In a bid to get the likes of German Chancellor Angela Merkel and French President Francois Hollande to address the big questions surrounding the euro, Monti has called a brainstorm meeting in Rome and suggested an end to a series of summits that have denied heads of state the breathing space to talk.

"Does it make sense that the 27 heads of governments of the European countries meet every two months, sometimes every month, to spend one day, one night to discuss very important details like whether there should be or not private sector involvement in the financing of Greece?" he asked. "Or what kind of conditionality should there exactly be in a given scheme? Aren't the finance ministers even better equipped than the heads of governments to deal with this?"

Monti said he believes it's incredibly difficult to discuss the euro zone's big issues with the world's media waiting outside summits in Brussels, and financial markets demanding agreement on the latest plan to deal with the crisis.

"The single currency (EUR), the monetary union was meant, after all, to be the final and most perfect stage of this long, historic process of European integration.

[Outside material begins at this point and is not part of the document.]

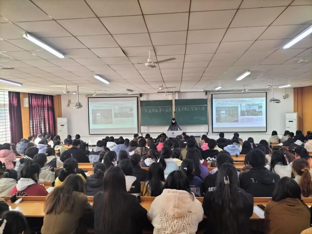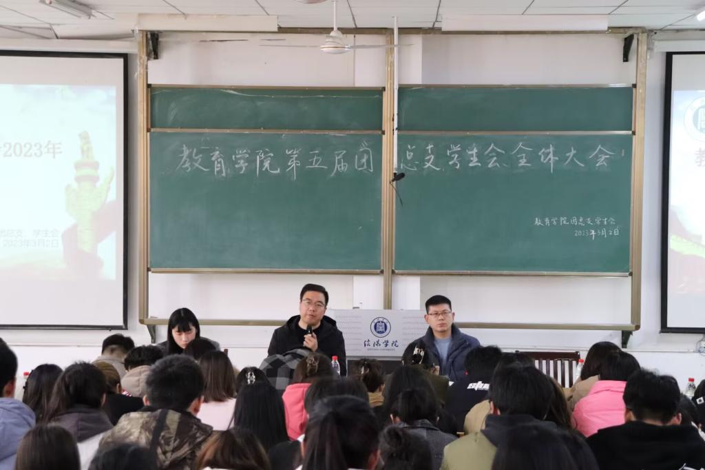 为推动我院学生会工作更好、更强、更长久的发展,保证团总支学生会在新学期能够更快地进入工作状态,同时对上一年度的工作进行总结,教育学院于3月2日在社科楼112教室举行了教育学院第五届团总支学生会全体大会。本次大会由学工干事郝昊主持,党总支书记张甲楠、团总支书记林子瑞以及各班辅导员和各团总支学生会部门代表共同出席。

The last thing we can allow is that precisely this final stage sets our countries and our citizens one against the other," said the technocrat prime minister, who is expected to stand down when Italy goes to the polls next year.


The divide between northern and southern Europe has made it very difficult to agree on measures that alleviate the debt crisis and that simultaneously keep creditor and debtor nations happy. American billionaire investor George Soros used an interview with the Financial Times over the weekend to call on Germany to either lead or leave the euro zone.


"Either throw in your fate with the rest of Europe, take the risk of sinking or swimming together, or leave the euro, because if you have left, the problems of the euro zone would get better," said the billionaire investor.

"It is entirely dependent on Germany's attitude," said Soros. "If they insist on a policy of austerity, of reinforcing the current deflationary stance, and they won't budge from that, then in fact it would even be better for them in the long run [to leave]."

EU policy makers have long said that no one will be allowed to leave the euro, with Mario Draghi last week calling the single currency irreversible and unveiling a new bond buying program aimed at lowering borrowing costs for Italy, Spain and others.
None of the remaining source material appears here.